TRY IT: Write again exactly the lines in the listing below, starting at the line with "아마메르는 당신의 피부 고민을 위한 단 하나의 해답을 함께 찾아갑니다." and ending at the line with "A spider web", both included. Pictures are not copied.

RECORDED DATA:
════════

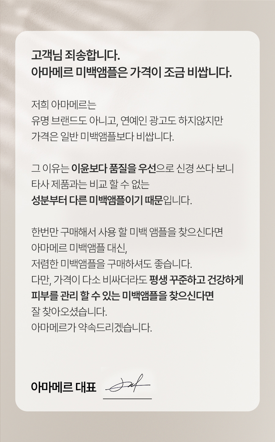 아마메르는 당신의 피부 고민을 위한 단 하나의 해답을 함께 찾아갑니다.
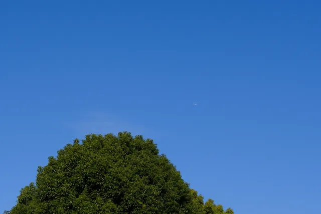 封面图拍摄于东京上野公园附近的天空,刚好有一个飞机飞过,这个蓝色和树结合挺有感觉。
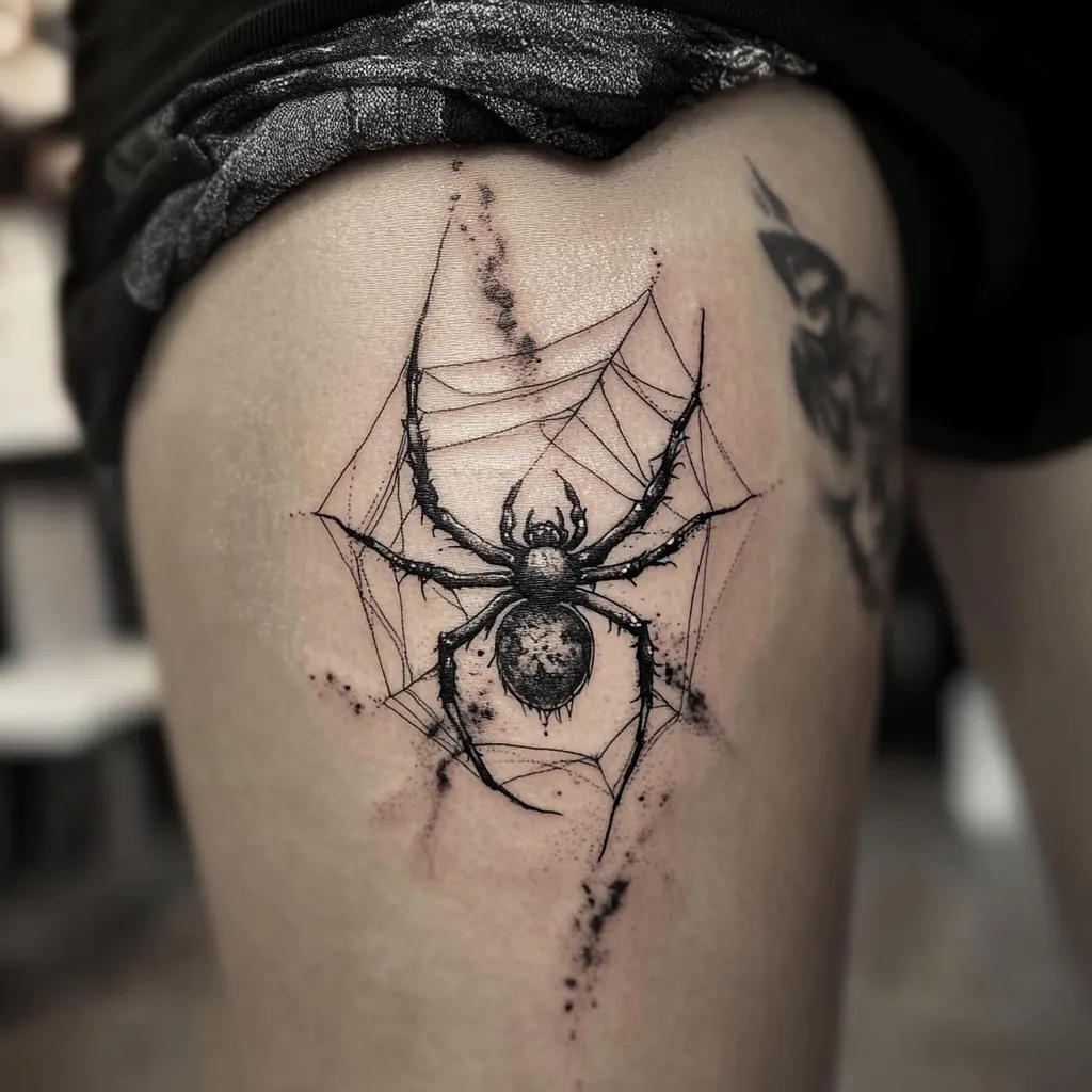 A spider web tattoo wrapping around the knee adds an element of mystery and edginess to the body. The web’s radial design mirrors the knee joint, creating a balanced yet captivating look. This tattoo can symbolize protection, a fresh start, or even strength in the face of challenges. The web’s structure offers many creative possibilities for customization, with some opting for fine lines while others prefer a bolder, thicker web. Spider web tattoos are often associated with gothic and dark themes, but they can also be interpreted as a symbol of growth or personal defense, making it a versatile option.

════════

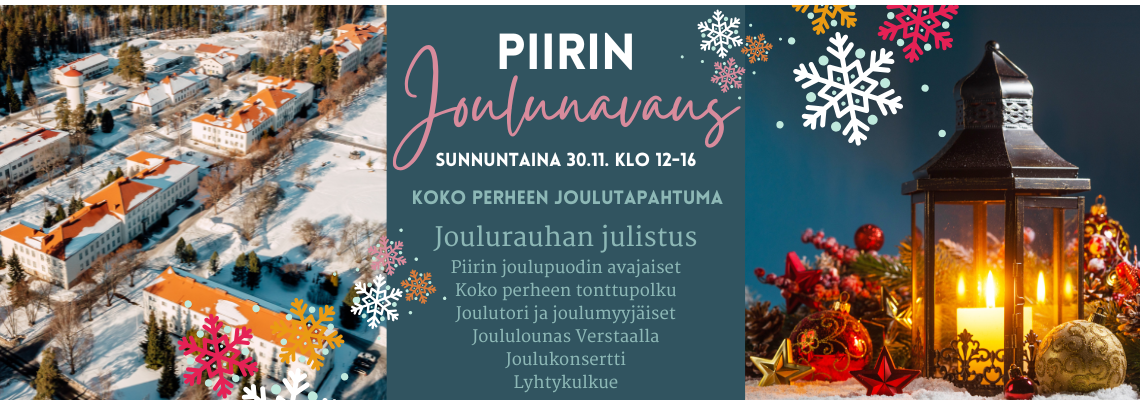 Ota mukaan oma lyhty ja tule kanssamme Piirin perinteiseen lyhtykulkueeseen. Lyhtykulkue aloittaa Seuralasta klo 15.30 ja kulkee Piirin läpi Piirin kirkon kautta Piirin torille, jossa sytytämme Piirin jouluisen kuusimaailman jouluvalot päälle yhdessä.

════════

RESPONSE AREA:
 아마메르는 당신의 피부 고민을 위한 단 하나의 해답을 함께 찾아갑니다.
 封面图拍摄于东京上野公园附近的天空,刚好有一个飞机飞过,这个蓝色和树结合挺有感觉。
 A spider web tattoo wrapping around the knee adds an element of mystery and edginess to the body. The web’s radial design mirrors the knee joint, creating a balanced yet captivating look. This tattoo can symbolize protection, a fresh start, or even strength in the face of challenges. The web’s structure offers many creative possibilities for customization, with some opting for fine lines while others prefer a bolder, thicker web. Spider web tattoos are often associated with gothic and dark themes, but they can also be interpreted as a symbol of growth or personal defense, making it a versatile option.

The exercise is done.